B. Those who support the idea that preprint papers are dangerous, and argue that peer-review is a better way to protect against unsupported claims, are by proxy advocating for the persistence of a knowledge hegemony. Peer-review is opaque, sustained by unpaid and overworked labour, and dispenses the same function that an open discussion often does at larger scale and with greater transparency. Indeed, the transparency represents the most important difference: since peer-review has traditionally been the demesne of journals, supporting peer-review is tantamount to designating journals as the sole and unquestionable arbiters of what knowledge enters the public domain and what doesn’t.

(Here’s one example of how such gatekeeping can have tragic consequences for society.)

C. Given these safeguards and perspectives, and as I have written before, bad journalists and bad comments will be bad irrespective of the window through which an idea has presented itself in the public domain. There is a way to cover different types of stories, and the decision to abdicate one’s responsibility to think carefully about the implications of what one is writing can never have a causal relationship with the subject matter. The Times of India and the Daily Mail will continue to publicise every new paper discussing whatever coffee, chocolate and/or wine does to the heart, and The Hindu and The Wire Science will publicise research published in preprint papers because we know how to be careful and of the risks to protect ourselves against.

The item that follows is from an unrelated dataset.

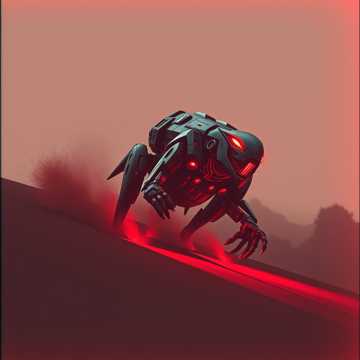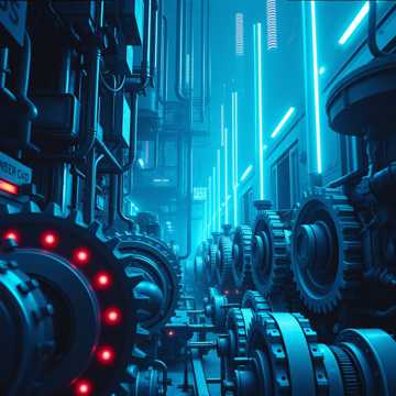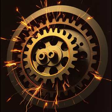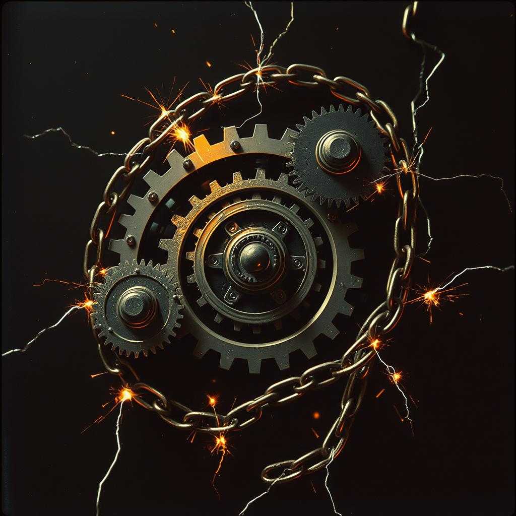 Relentless 200 BPM double-time with machine-like gallop; drop-A single-note guitar riff as the engine; gated snare for industrial snap; FM-bell omen motif cycling over a Phrygian dominant palette; metal clang hits on offbeats; no full breakdowns—only sub-one-bar micro breath then immediate re-entry; verse/loop sections mono-focused, final loop widens with octave guitars and synth stabs; keep low-end punch stable and timing hyper-tight, Mood, Genre Tags: dark, urgent, non-stop, cyberpunk, industrial rock, hard rock, heavy metal, mechanical, gallop rhythm, fm synth, gated snare, granular fx
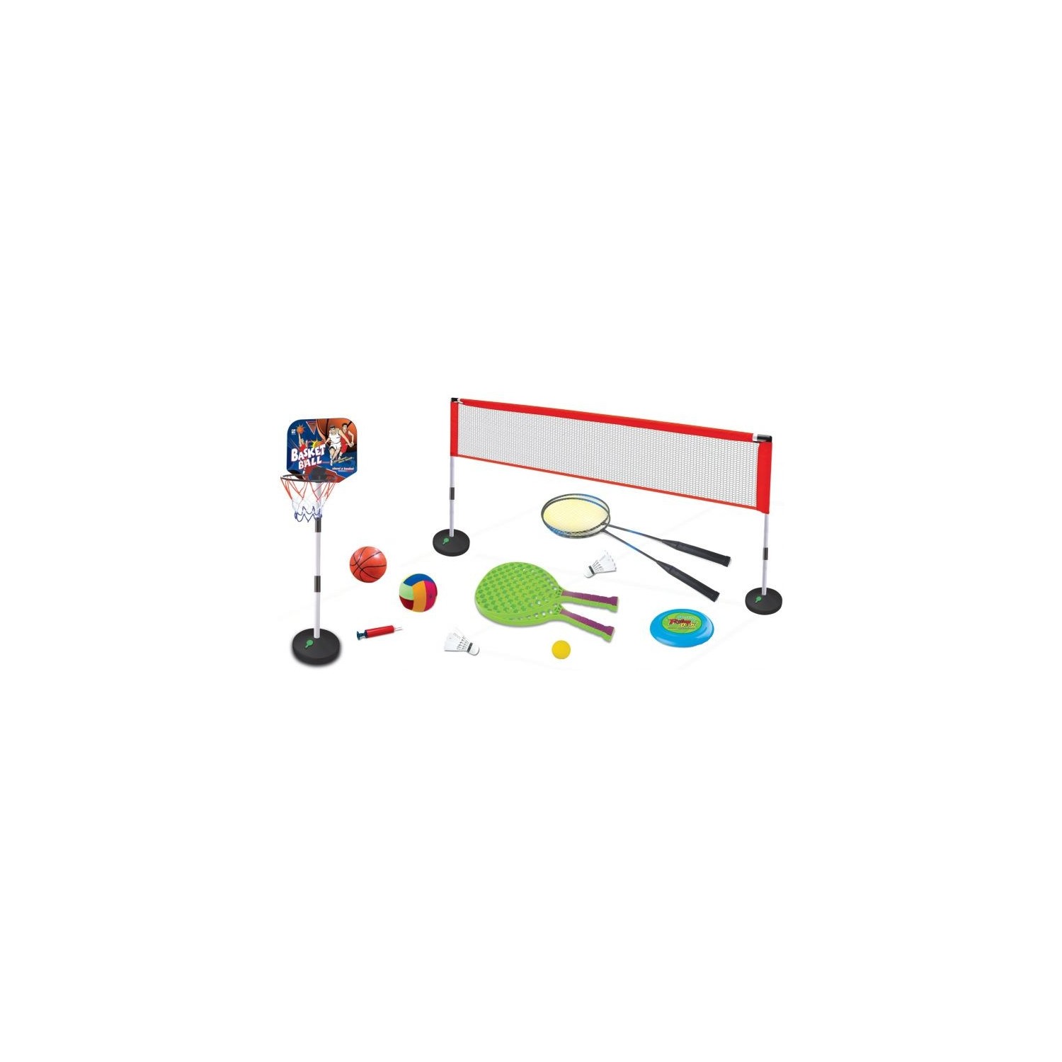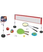 Set sport multifunctional 5 in 1 Alibibi ce contine cos minge baschet, rachete badminton, fileu

By extension, ‘reputable’ scientific journals that use pre-publication peer-review will continue to publish many papers that will someday be retracted.

An ongoing scandal concerning spider biologist Jonathan Pruitt offers a useful parable – that journals don’t always publish bad science due to wilful negligence or poor peer-review alone but that such failures still do well to highlight the shortcomings of the latter. A string of papers the work on which Pruitt led were found to contain implausible data in support of some significant conclusions. Dan Bolnick, the editor of The American Naturalist, which became the first journal to retract Pruitt’s papers that it had published, wrote on his blog on January 30:

I want to emphasise that regardless of the root cause of the data problems (error or intent), these people are victims who have been harmed by trusting data that they themselves did not generate. Having spent days sifting through these data files I can also attest to the fact that the suspect patterns are often non-obvious, so we should not be blaming these victims for failing to see something that requires significant effort to uncover by examining the data in ways that are not standard for any of this. … The associate editor [who Bolnick tasked with checking more of Pruitt’s papers] went as far back as digging into some of Pruitt’s PhD work, when he was a student with Susan Riechert at the University of Tennessee Knoxville. Similar problems were identified in those data… Seeking an explanation, I [emailed and then called] his PhD mentor, Susan Riechert, to discuss the biology of the spiders, his data collection habits, and his integrity. She was shocked, and disturbed, and surprised. That someone who knew him so well for many years could be unaware of this problem (and its extent), highlights for me how reasonable it is that the rest of us could be caught unaware.

Why should we expect peer-review – or any kind of review, for that matter – to be better? The only thing we can do is be honest, transparent and reflexive.